Just playing with u guys , no need to get ur feathers ruffled.


----------



## SHampton (Apr 20, 2012)

It's different on every stand. Every coyote is different. You've got to remember that these stands are the ones out of about 75 or more. We don't get dog work every time. The injuries to the dogs are minimal.


----------



## fur-n-dirt (Aug 26, 2012)

No Koolaid said:


> Just playing with u guys , no need to get ur feathers ruffled.


Stonegod , is that u? Lol


----------



## jglynn (Aug 2, 2012)

people do it different ways. us at KoolAid usually setup a calling stand and call in a coyote. the dogs usually see the coyote first and run at them challenging them. other times the coyote sees the dogs 1st and comes to run them out of their territory. either way, after they go back and forth, they usually get very vocal which at the right times, brings in more coyotes. some dogs will chase a single coyote a mile away back to the whole pack and bring the whole pack back. it is different every time. as you can see on on of the videos, they dont run off very far after you start shooting. that lets us take care of alot of coyotes in a shorter amount of time and stands.

hope this helps and sorry for flying off the handle earlier.lol. we catch alot of crap over these dogs and it gets to us sometimes.

there is alot more to it then what i posted but that is the general idea.


----------



## Caleb Wilson (Aug 10, 2012)

What is illegal in Ohio Stonegod? My dog Chip had no training to make him aggressive or anything else for that matter. I started taking him hunting about the first of June and he went to the first coyote i ever called in front of him and every one he has seen since. Its just his nature. As Scott stated you can't make a dog do that and there's alot of guys that's tried to make alot of dogs do it and came up empty on it. I have a dog thats not near as aggressive too and really like one of each. My feelings weren't hurt by your comment and i just figured you were uneducated to what was goin on so no hard feelings here.
That bein said we as hunters don't need to out anyone's way of hunting as long as its legal. We must stick together. Ive learned if you don't like something just move on and let it be.

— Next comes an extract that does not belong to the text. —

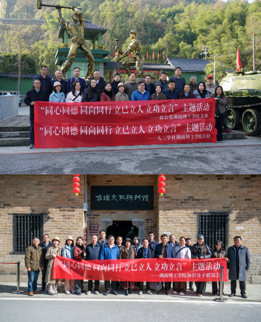 活动当日,参与教师从学校综合楼集体出发,先后赴临湘6501国防教育基地与药姑山古瑶村非物质文化遗产基地进行实地研学。围绕“四同四立”的时代内涵,大家结合所见所感展开深入交流。本次活动既是一次沉浸式的国情教育与文化体验,也是一次凝聚思想、鼓舞干劲的集体学习。大家表示,将在今后的教学科研与社会服务中,自觉践行“同心同德、同向同行”的协作精神和“立己立人、立功立言”的价值追求,为学校内涵式发展与地方经济社会进步贡献智慧与力量。
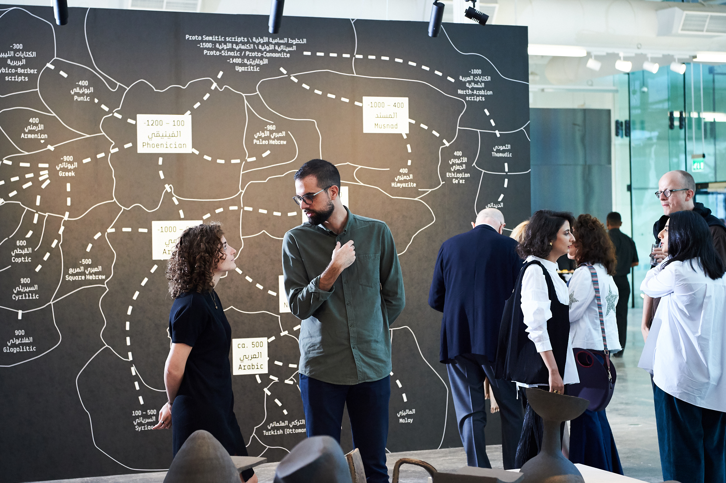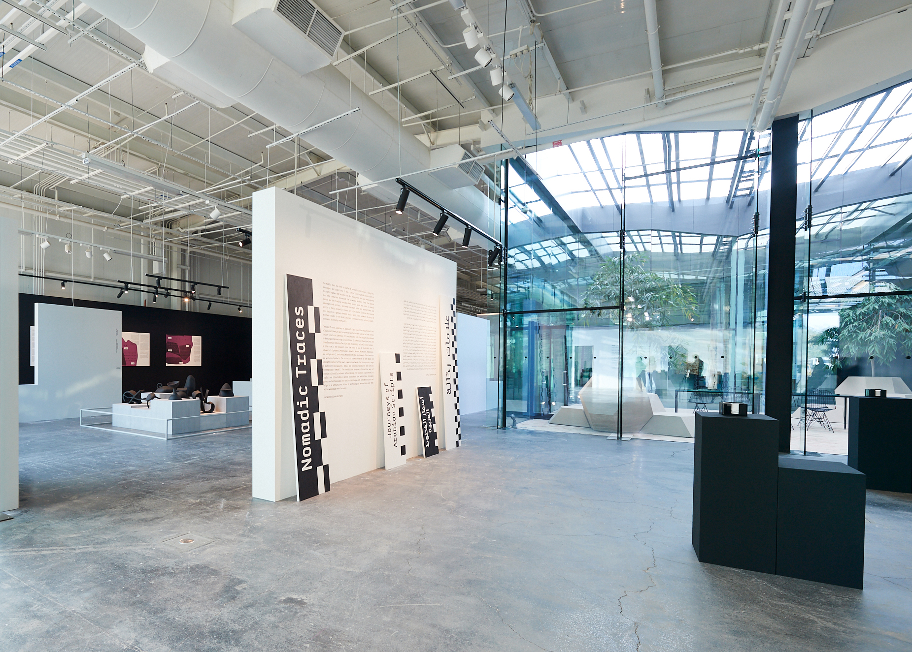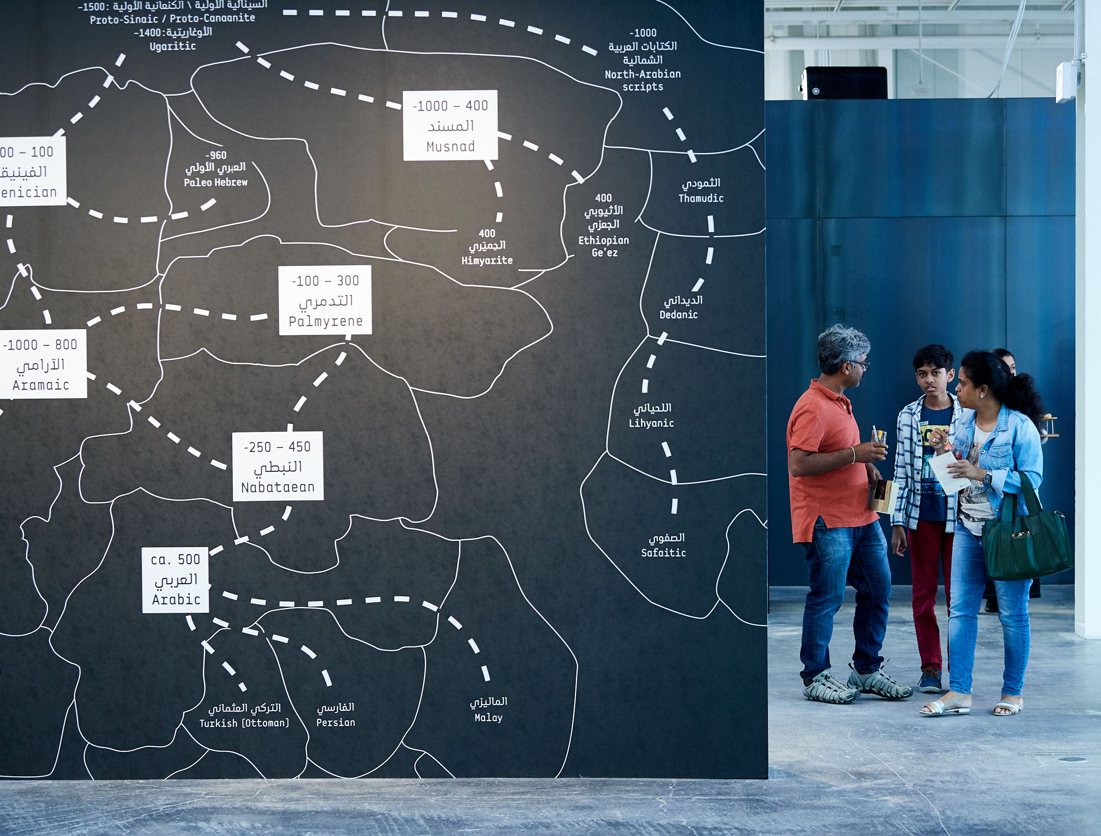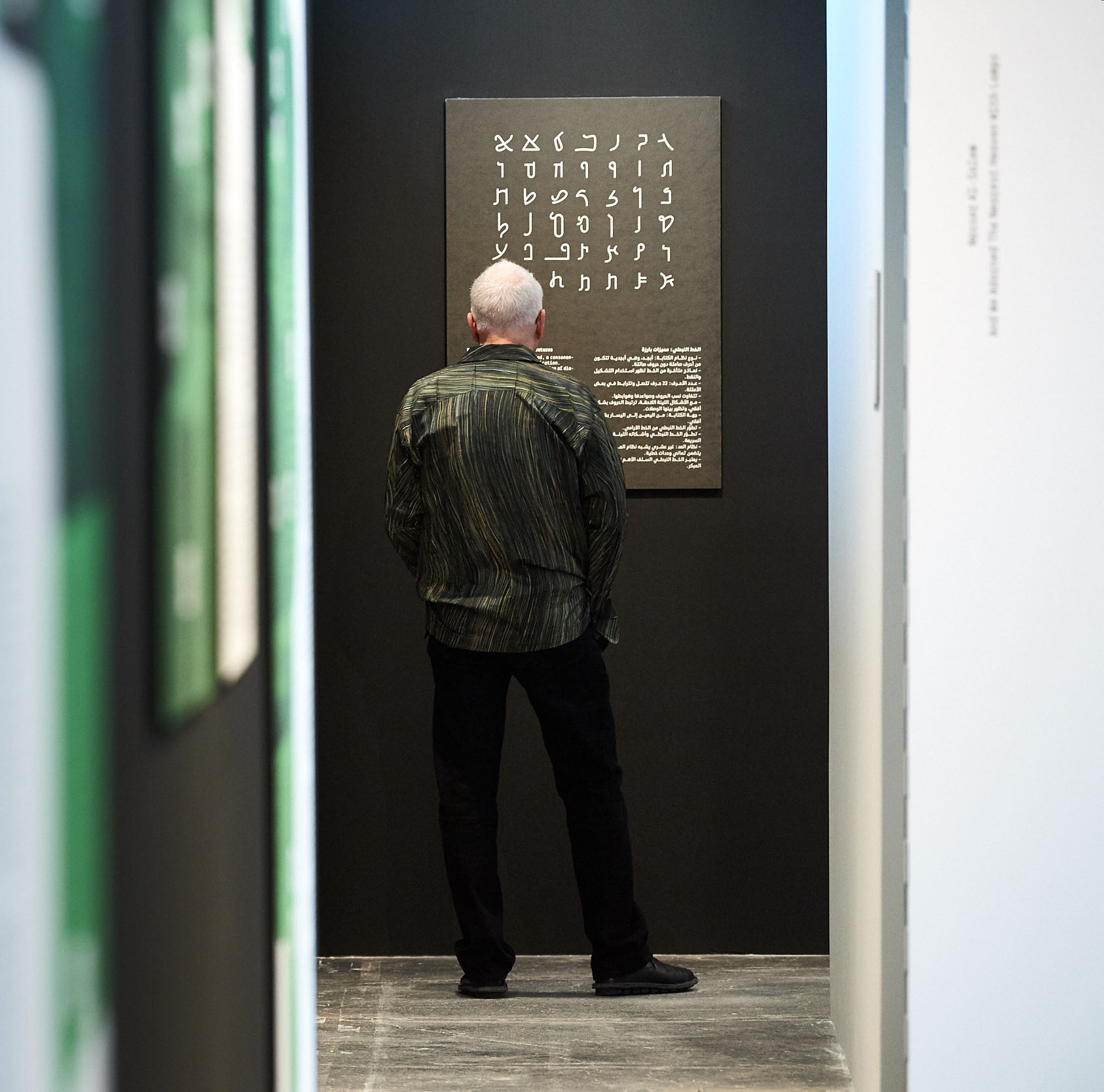 Nomadic Traces: Journeys of Arabian Scripts explores the role that scripts have played in defining and preserving the cultural identity of past and present civilizations, and on the migrational and transformative nature of writing, and its ability to freely cross borders and cultures. The exhibition focuses on the development of some of the key Abjads (consonantal alphabets) of the Middle East. It poetically links the past with the present, revealing the wealth of the region through its many scripts, including Phoenician, Aramaic, Musnad, Palmyrene, Nabatean, and early Arabic (Jazm).

Just my thoughts


----------



## fur-n-dirt (Aug 26, 2012)

jglynn said:


> people do it different ways. us at KoolAid usually setup a calling stand and call in a coyote. the dogs usually see the coyote first and run at them challenging them. other times the coyote sees the dogs 1st and comes to run them out of their territory. either way, after they go back and forth, they usually get very vocal which at the right times, brings in more coyotes. some dogs will chase a single coyote a mile away back to the whole pack and bring the whole pack back. it is different every time. as you can see on on of the videos, they dont run off very far after you start shooting. that lets us take care of alot of coyotes in a shorter amount of time and stands.
> 
> hope this helps and sorry for flying off the handle earlier.lol. we catch alot of crap over these dogs and it gets to us sometimes.
> 
> there is alot more to it then what i posted but that is the general idea.


I'm jealous about the part that coyotes hang out more with dogs around...

When I shoot a coyote at 30 yards, if there's any other coyotes within a 100 yards, it scares the crap out of them and they run for the hills!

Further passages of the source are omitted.